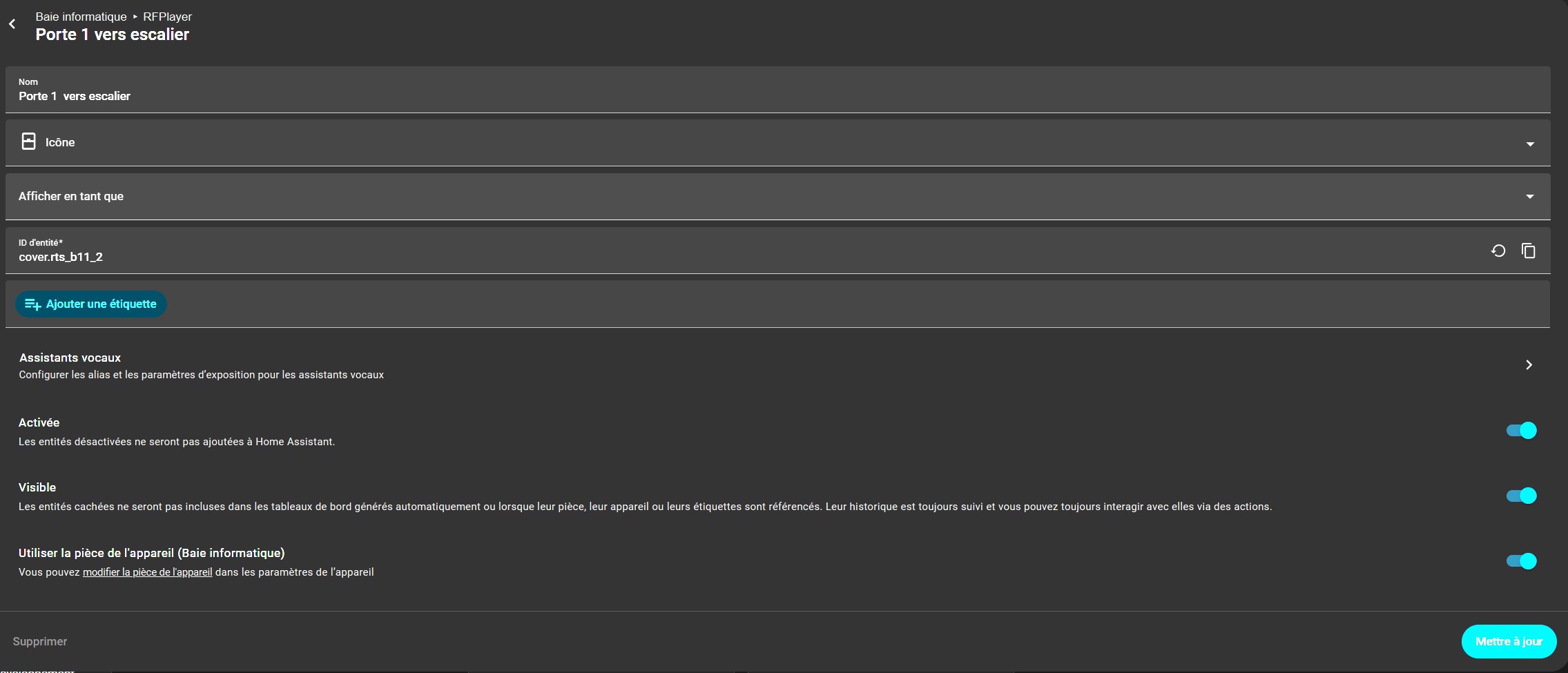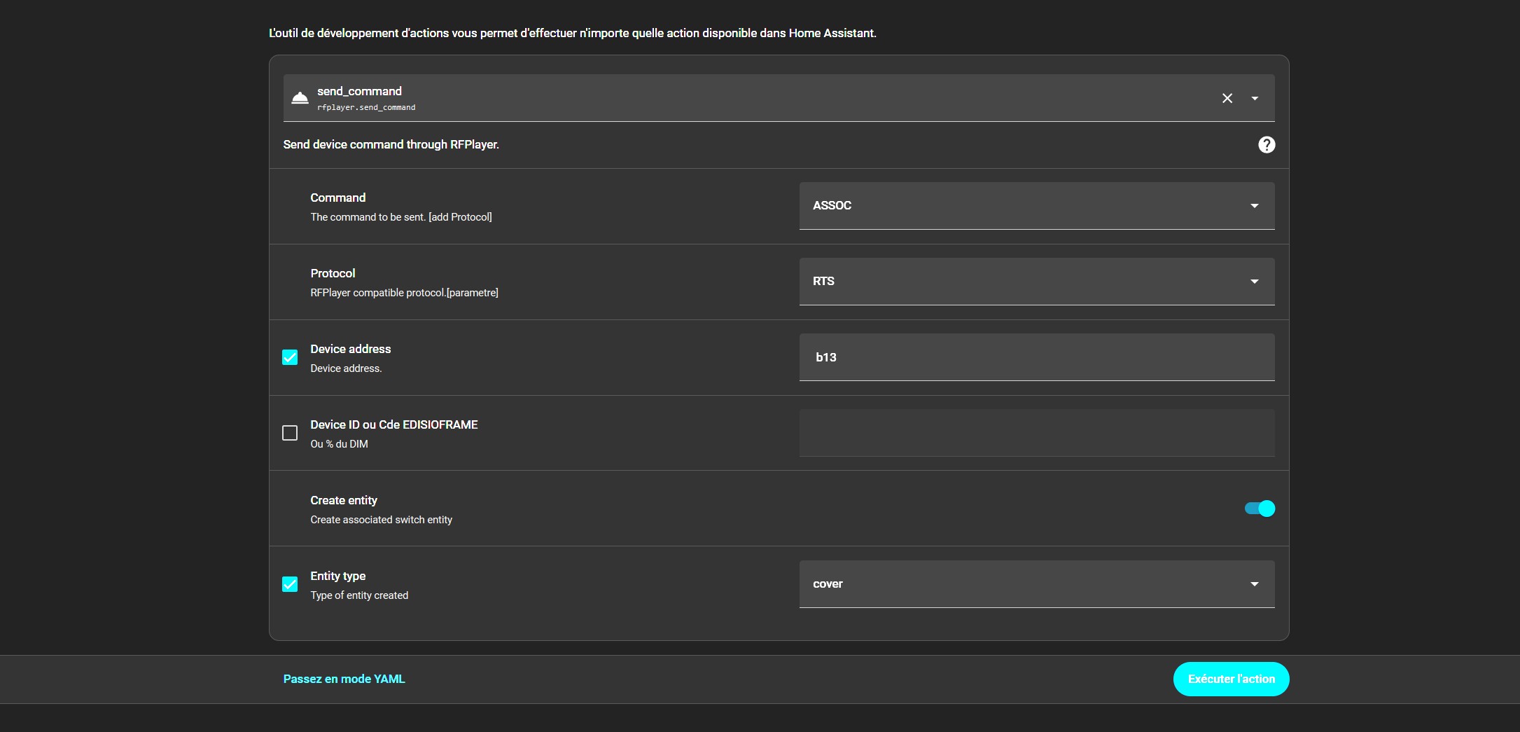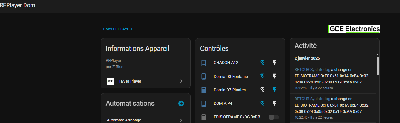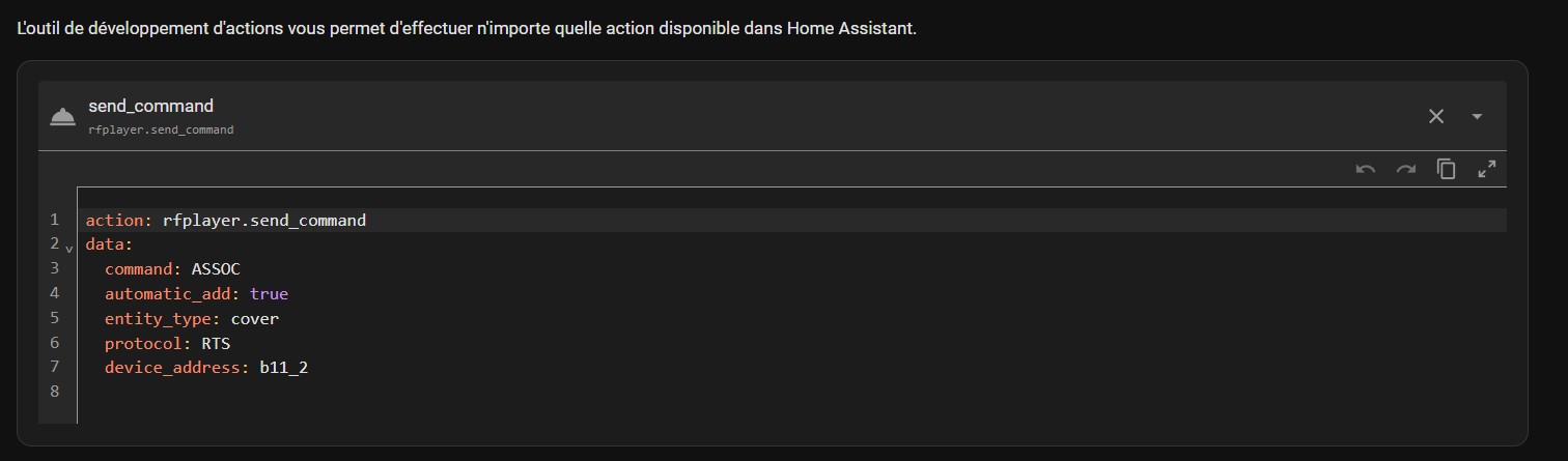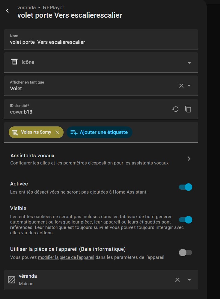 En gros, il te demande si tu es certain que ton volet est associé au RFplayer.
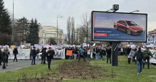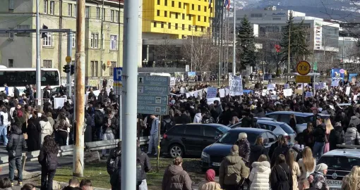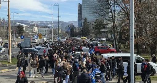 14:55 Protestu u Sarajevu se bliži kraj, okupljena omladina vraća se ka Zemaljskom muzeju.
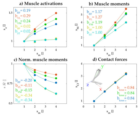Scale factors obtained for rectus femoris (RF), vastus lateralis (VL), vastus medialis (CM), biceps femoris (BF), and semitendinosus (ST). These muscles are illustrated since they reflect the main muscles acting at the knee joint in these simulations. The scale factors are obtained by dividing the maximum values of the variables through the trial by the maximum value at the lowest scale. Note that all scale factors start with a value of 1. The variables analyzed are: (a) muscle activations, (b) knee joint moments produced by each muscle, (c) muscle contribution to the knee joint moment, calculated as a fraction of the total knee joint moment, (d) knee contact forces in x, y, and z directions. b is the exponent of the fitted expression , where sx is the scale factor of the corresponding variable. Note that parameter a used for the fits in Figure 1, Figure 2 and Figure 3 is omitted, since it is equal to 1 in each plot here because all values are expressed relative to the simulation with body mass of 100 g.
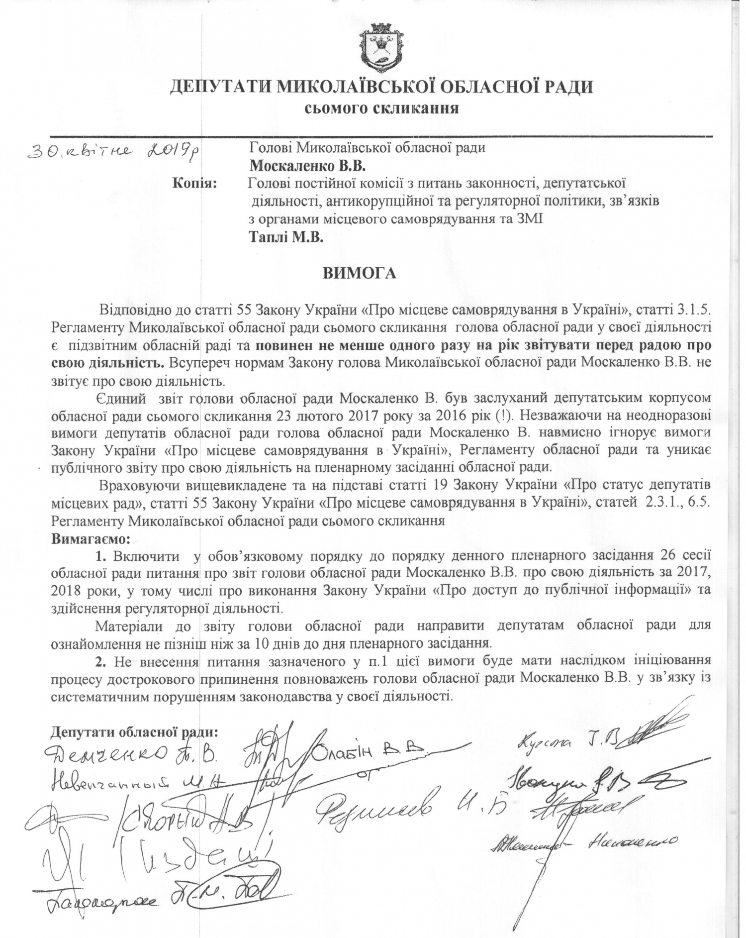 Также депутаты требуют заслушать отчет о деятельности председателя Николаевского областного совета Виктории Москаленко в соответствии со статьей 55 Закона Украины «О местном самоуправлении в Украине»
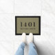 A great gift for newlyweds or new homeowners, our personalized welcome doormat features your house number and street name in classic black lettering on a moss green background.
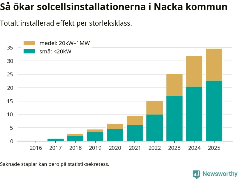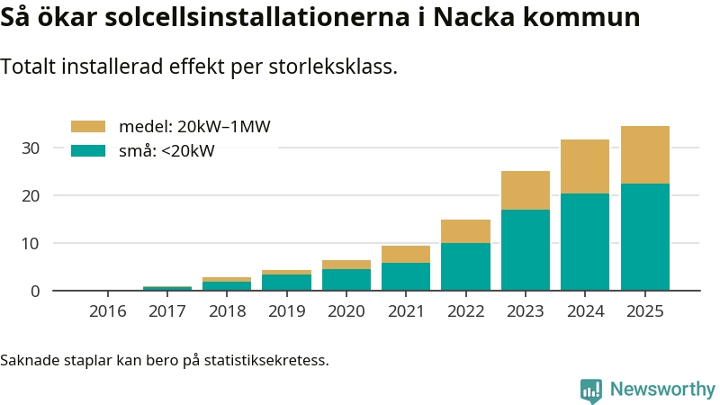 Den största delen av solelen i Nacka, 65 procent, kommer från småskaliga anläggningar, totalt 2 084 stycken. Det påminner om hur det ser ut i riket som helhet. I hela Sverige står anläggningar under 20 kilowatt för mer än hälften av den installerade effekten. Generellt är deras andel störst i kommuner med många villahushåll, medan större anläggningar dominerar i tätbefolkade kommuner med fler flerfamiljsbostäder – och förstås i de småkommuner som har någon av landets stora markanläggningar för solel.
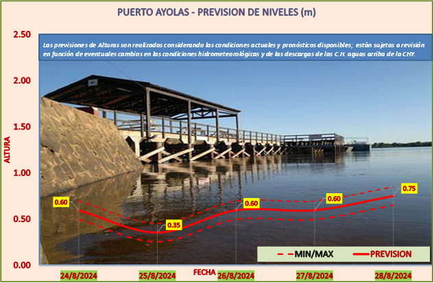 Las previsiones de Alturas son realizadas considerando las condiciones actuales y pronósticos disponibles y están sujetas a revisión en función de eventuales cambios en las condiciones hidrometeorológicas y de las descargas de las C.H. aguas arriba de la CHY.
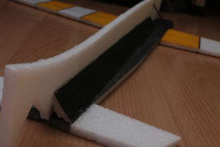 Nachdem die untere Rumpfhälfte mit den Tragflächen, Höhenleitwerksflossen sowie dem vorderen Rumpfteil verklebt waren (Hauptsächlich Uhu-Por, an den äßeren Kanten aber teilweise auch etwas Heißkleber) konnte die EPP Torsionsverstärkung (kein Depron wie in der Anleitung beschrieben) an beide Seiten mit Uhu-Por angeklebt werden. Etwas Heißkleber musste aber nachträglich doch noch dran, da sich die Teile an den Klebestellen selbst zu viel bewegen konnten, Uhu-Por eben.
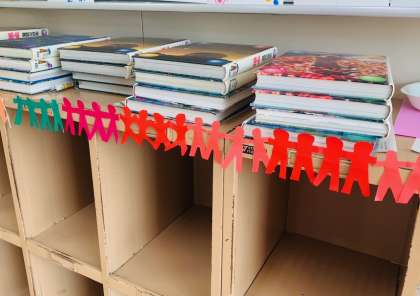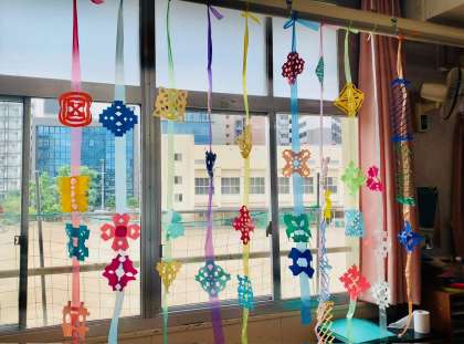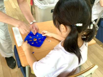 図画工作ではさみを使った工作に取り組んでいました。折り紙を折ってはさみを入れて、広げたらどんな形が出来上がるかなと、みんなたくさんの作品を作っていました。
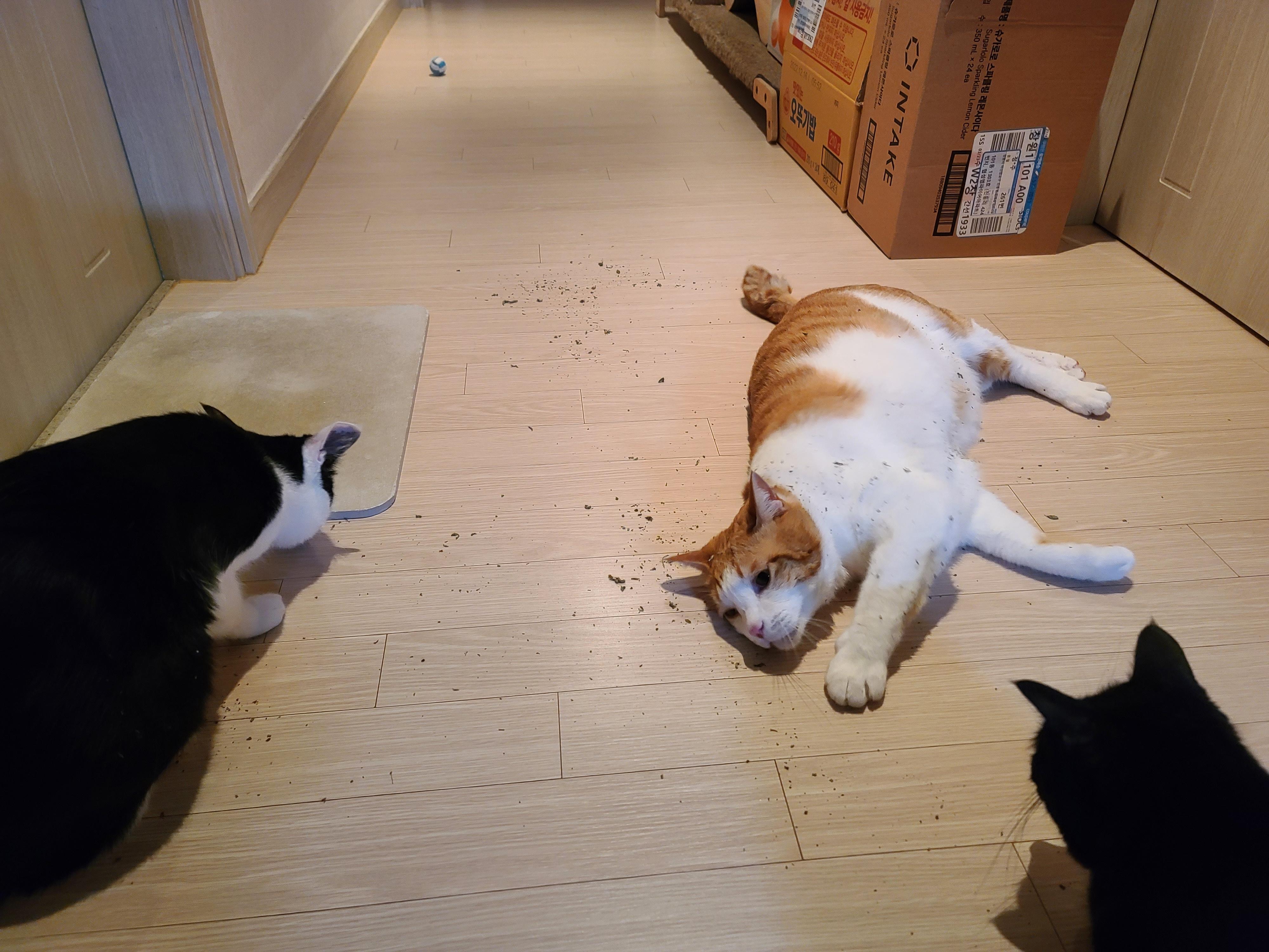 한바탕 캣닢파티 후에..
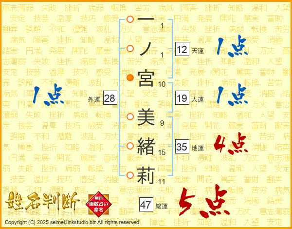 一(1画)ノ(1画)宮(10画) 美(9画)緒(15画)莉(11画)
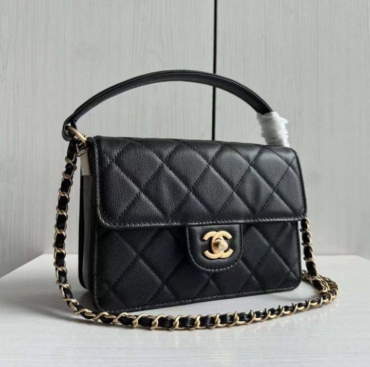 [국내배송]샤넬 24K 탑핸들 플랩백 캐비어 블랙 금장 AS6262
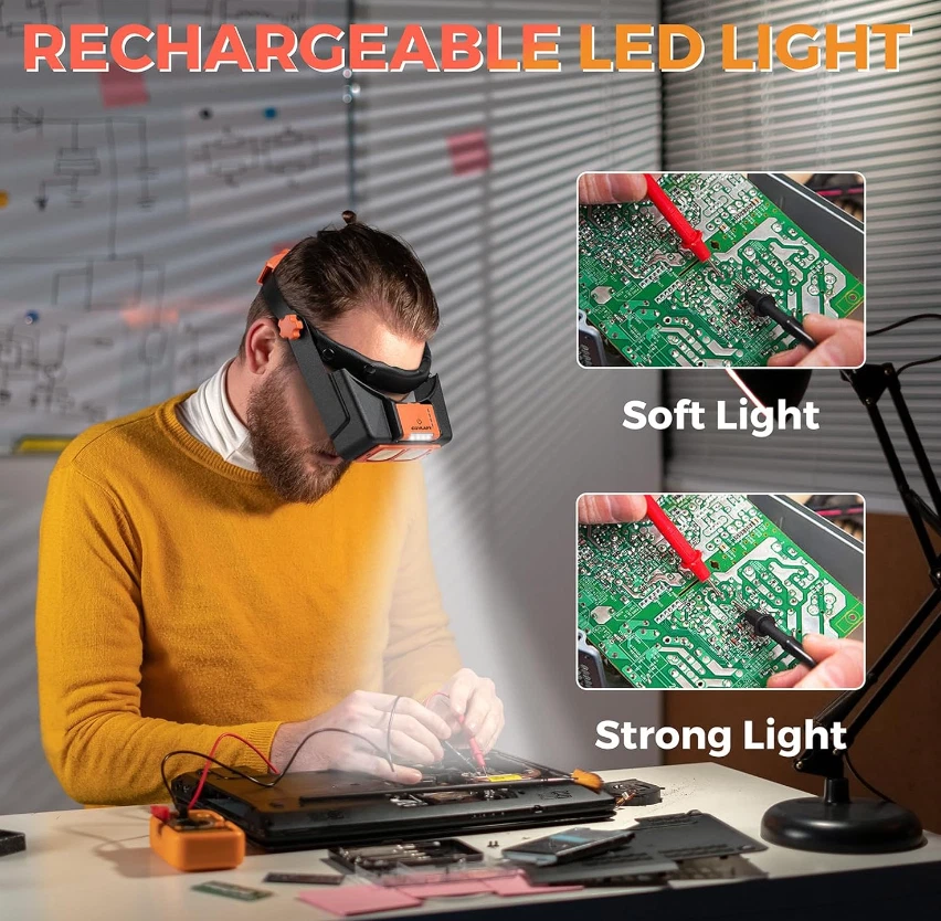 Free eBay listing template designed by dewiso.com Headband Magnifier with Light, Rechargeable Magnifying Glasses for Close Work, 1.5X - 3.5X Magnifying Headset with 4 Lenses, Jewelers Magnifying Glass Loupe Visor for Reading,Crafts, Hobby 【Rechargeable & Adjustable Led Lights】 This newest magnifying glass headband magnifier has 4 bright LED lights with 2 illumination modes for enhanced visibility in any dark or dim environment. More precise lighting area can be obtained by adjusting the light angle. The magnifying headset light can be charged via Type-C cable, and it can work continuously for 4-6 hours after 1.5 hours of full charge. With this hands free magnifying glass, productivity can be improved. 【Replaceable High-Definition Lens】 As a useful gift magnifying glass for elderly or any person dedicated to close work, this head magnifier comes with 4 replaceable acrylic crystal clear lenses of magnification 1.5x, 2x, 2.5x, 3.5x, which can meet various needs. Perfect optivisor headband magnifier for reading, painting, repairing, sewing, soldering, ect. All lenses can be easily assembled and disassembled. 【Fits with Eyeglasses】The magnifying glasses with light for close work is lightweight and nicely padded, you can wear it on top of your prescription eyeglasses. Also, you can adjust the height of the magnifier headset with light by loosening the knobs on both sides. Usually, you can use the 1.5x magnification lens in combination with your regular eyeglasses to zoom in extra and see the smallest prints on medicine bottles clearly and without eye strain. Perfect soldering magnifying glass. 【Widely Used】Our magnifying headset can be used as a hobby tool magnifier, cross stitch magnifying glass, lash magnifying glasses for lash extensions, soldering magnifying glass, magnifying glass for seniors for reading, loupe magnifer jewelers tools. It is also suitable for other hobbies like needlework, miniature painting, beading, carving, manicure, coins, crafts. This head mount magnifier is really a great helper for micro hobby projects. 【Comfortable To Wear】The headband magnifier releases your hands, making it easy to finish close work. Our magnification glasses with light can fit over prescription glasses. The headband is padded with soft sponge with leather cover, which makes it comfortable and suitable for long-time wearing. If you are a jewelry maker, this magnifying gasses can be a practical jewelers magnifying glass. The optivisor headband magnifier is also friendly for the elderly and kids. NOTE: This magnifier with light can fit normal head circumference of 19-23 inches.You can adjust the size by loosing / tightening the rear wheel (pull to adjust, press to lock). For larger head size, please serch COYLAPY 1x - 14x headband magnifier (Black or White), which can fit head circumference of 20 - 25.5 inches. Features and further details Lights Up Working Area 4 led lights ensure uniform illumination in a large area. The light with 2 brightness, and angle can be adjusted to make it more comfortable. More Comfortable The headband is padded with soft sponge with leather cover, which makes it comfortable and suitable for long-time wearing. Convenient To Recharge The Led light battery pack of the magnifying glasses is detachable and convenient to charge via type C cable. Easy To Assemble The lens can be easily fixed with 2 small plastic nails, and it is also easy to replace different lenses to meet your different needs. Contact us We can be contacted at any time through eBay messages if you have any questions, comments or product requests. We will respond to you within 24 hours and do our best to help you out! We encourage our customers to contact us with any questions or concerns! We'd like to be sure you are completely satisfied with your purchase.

******************************

About this task
Starting at the first line of the records above, set down each line exactly through the one that holds "14:55 Protestu u". Omit pictures.

Response
 En gros, il te demande si tu es certain que ton volet est associé au RFplayer.
 14:55 Protestu u Sarajevu se bliži kraj, okupljena omladina vraća se ka Zemaljskom muzeju.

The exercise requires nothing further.